Plan a Container Load from ChatGPT or Claude: Load Planning for AI Agents

By Kubova Team

Isometric illustration of an AI assistant arranging colorful cargo boxes into a cutaway shipping container

Large language models are great at language and weak at geometry. Ask one to fit 1,300 cartons into a 40-foot container and it will guess. But give that same assistant a packing tool it can call, and it becomes genuinely useful: it gathers your cargo, hands the numbers to an engine that does the real 3D math, and shows you a load plan you can act on — all inside the chat. This is what makes Kubova different from a static calculator: the same engine is available through a REST API and a Model Context Protocol (MCP) server, so your AI agent can plan loads directly.

Short answer: Yes — an AI assistant such as ChatGPT, Claude or Gemini can plan a real container load, if it can call a packing tool. The assistant collects the cargo and container details and orchestrates the request; a packing engine computes a valid 3D plan (piece counts, fill rate, weight, a layout and a PDF) and returns it. The model never does the packing math itself.
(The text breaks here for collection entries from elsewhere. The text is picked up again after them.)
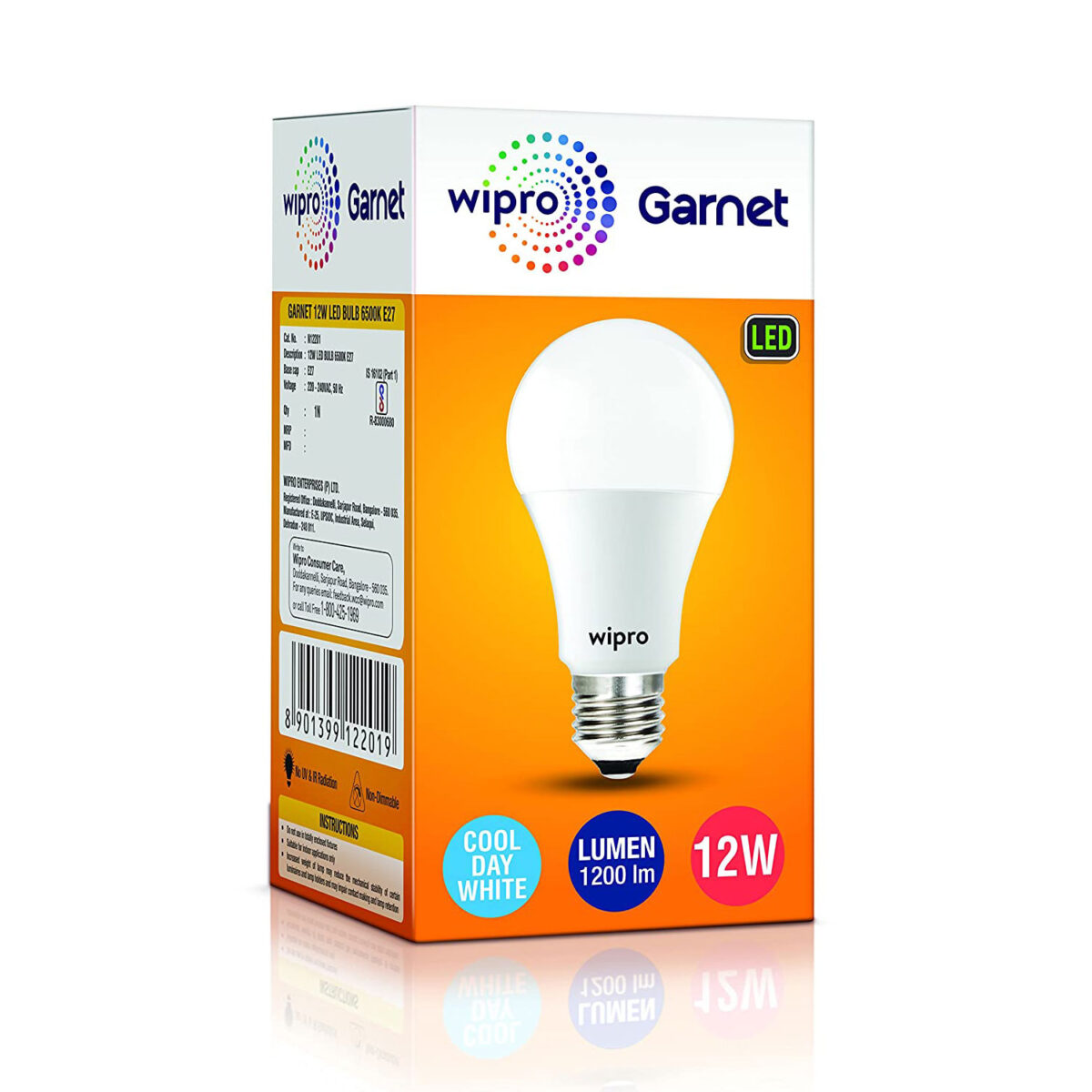 The Garnet 12W LED Bulb saves 85% energy and provides more brightness and good light distribution, through its innovatively designed optics. Following features makes the Wipro Garnet 12W LED Bulb the best in class lighting solution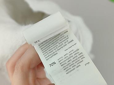 - Materiał: 70% akryl (pozostałe włókna – mieszanka syntetyczna; miękki, puszysty splot)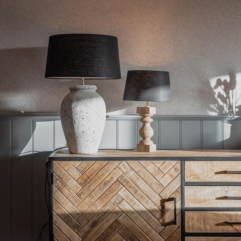 Deze landelijke tafellamp heeft een zwart snoer met een aan-/uitschakelaar op het snoer. Op de onderkant van de voet zit vilten bescherming. Zo raken uw meubels niet beschadigd.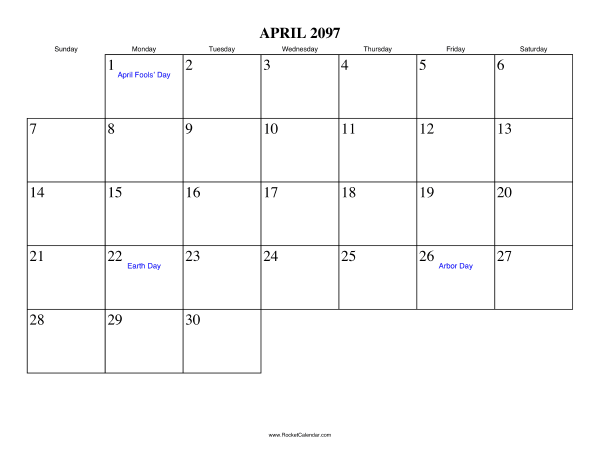 Next month: May 2097 | Previous month: March 2097 | All 2097 Calendars | Calendars for other years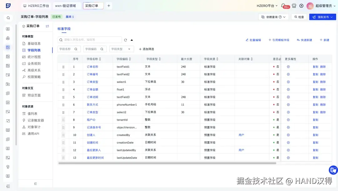 零代码是一种无需编写代码,通过可视化拖拽、配置操作,即可实现应用搭建的页面模式。在飞搭最新发布的低代码功能中,借助该模式,能够高效完成数据管理、表单设计及流程自动化等功能开发,自动生成业务对象数据模型,自动创建列表页面,显著降低技术门槛与开发时间成本。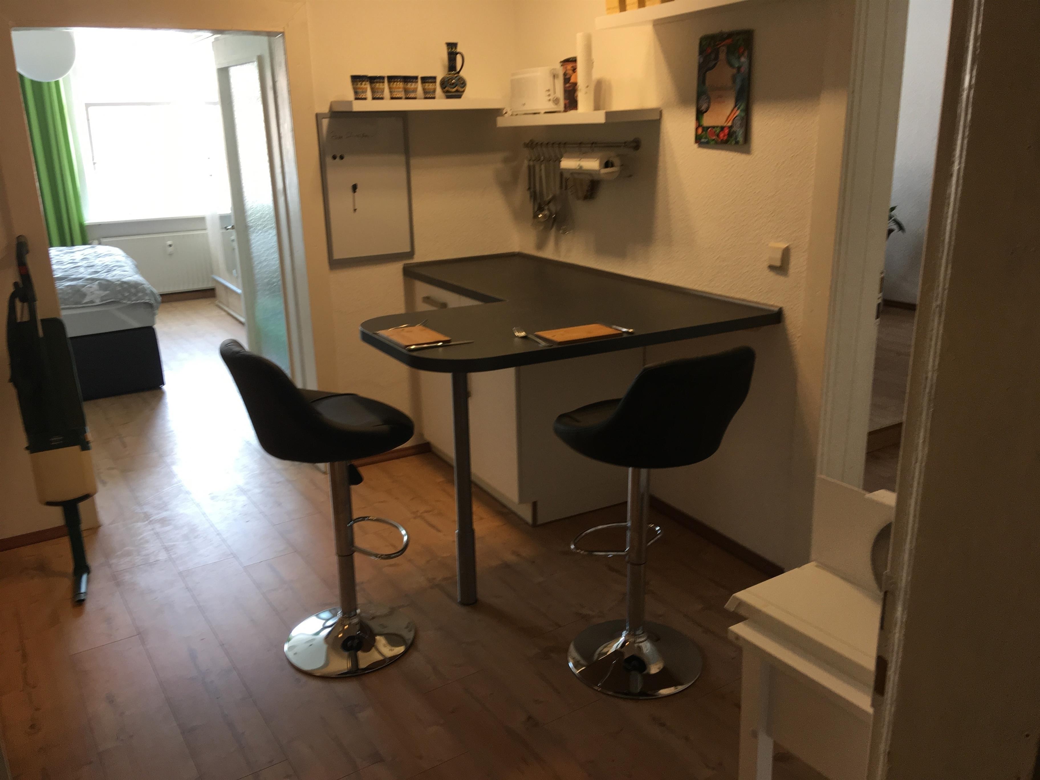Ihnen stehen neben einem Kühlschrank auch eine Kaffeemaschine und eine Mikrowelle zur Verfügung.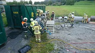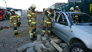 Übungsannahme war ein Verkehrsunfall mit zwei eingeklemmten Personen. Der PKW ist dabei seitlich neben einem Container zu liegen gekommen. Durch diese Seitenlage wurde die Menschenrettung erschwert, da beispielsweise eine Schaffung eines Zuganges über das Dach nicht möglich war.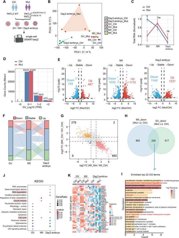 方法细节:收集OMD患者(携带PATL2突变)及对照的GV、MII卵母细胞和Day3胚胎,通过SMART-seq2技术进行低输入RNA测序(RNA-seq),分析mRNA表达水平及降解模式。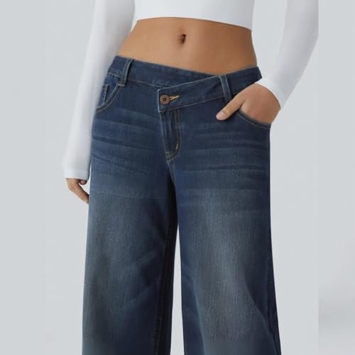 More information about Asymmetric Low Rise Zipper Pockets Baggy Wide Leg Washed Casual Jeans Crossover Wide Straight Leg Denim Pants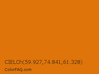 CIELCh 59.927,74.841,61.328 Color is a normal orange color and the nearest color is Christine #e7730a. Hex code #de740a and RGB value is rgb(222,116,10). In RGB color space, this color is composed of 87% red, 45% green, 4% blue, In CMYK color space, this color is composed of 0% cyan, 48% magenta, 95% yellow , 13% black , In HSL color space, this color has a hue angle of 30° , 91% saturation and 45% lightness.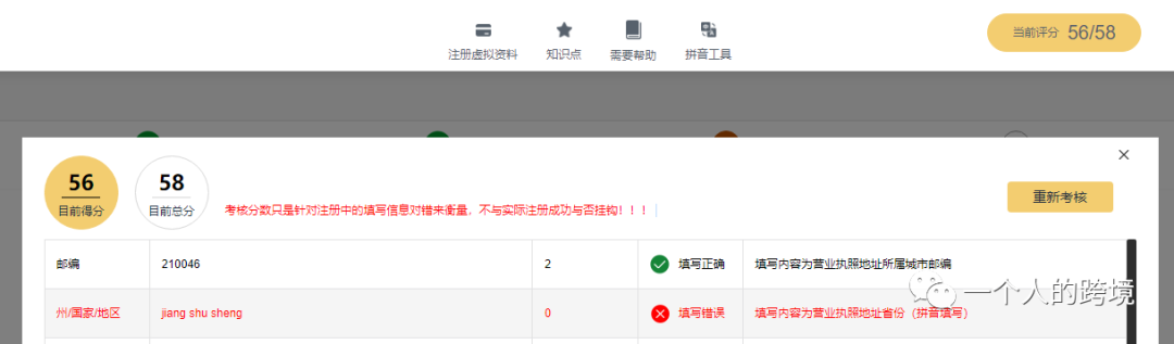 8. 我们可以通过考核报告来查看自己填写的信息是否正确。一旦不是满分,就代表着注册资料填写有误。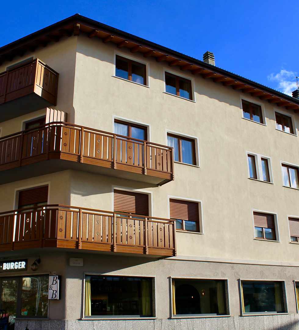 Located in the village of Aprica, in the region of Lombardy in Northern Italy, our newly reconstructed bed & breakfast is just steps away from the pistes and right in the centre of town. The house, which was constructed in 1961, has been completely refurbished to transform it into an ecological house which not only has zero energy consumption but produces surplus energy by using solar heating and photovoltaic panels on the roof. Our breakfast room has mountain views to wake up to whilst you sip your cappuccino and is attached to our gourmet burger restaurant and wine bar which is run by the fourth generation of the Ricetti family who were commercial pioneers in Aprica, trading since 1908 (with the nickname Penak!).

Why load planning is a perfect job for an AI agent

Container load planning sits in an awkward spot for most teams. It is too fiddly to do well by hand, the inputs already live in an order or a spreadsheet, and the output — “does this fit in one container, and how?” — is exactly the kind of question people now ask an assistant in plain language. Three properties make it a natural fit for automation:

How it works: prompt → tool call → 3D plan

The pattern is the same whether the assistant lives in a chat window or inside your own software. There are three steps.

  1. 1
    The assistant gathers cargo + container
    From your message (or an order it already has access to) it extracts each product’s carton size, quantity and weight, and the target container.
  2. 2
    It calls the packing tool
    Instead of guessing, the assistant invokes the packing tool — over the REST API, or as an MCP tool call — passing the structured cargo and container.
  3. 3
    It returns a real plan
    The engine places every carton in 3D, respects the container’s real inner size, door and payload limit, and returns the placed count, the fill rate, the total weight, a 3D layout and a shareable PDF. The assistant summarizes it in the conversation.
What the exchange looks like

You: “I have 800 cartons of 60×40×30 cm at 12 kg and 500 of 50×50×50 cm at 9 kg. Does it fit in one 40-foot High Cube?”

→ the assistant calls the packing tool with those two cargo lines and the 40 HC container…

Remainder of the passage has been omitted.